When we arrived on the mountain I found the Karens, who had agreed to do the work of cutting and dragging timber, had failed us entirely. But the tropical rains did not fail. The monsoon is always on time in Lower Burma. With the first downpour all hope of building operations was at an end.
In consequence we went into the long monsoon in this temporary inclosure, by courtesy called a house. We improved the shelter by laying some sheets of corrugated iron on the roof, and weighting them down with poles. In this house we kept school, had our sleeping apartments, and did the cooking and baking for this large family. At firstboys and girls were rebellious against assisting in household work, and one girl ran away twice, all the twenty-three miles to the railway. The second time we sent her permanently to her relatives. But in good time much advance in orderly housekeeping was made. Had meddlesome people not followed us into even this isolated place, the work of training would have been much easier. Work for the boys was begun also. They cut the wood, carried the water, and milked cows; also cultivated vegetables, and we planted some eight thousand coffee trees the first year.
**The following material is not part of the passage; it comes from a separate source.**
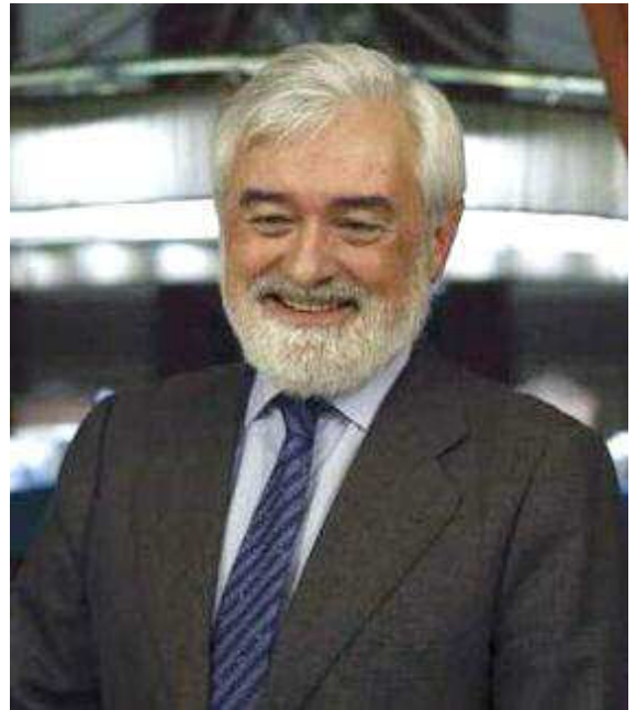
Turia publicará una entrevista con el presidente de la RAE, Darío Villanueva

It was the intention to make coffee-growing a basis for self-support. The coffee the forestry officers had planted twenty years before was growing finely, and was of the best quality. As we did our own work, it would seem an easy matter to secure our own support by this coffee cultivation alone. There were other industries projected also.
During all the months of the first rains the health of our little colony was excellent. There was not one but what received a toning up by the cooler atmosphere, mountain air, and healthful work. This was a great cheer to us all, and was the first step toward making Thandaung known favorably for a hill station.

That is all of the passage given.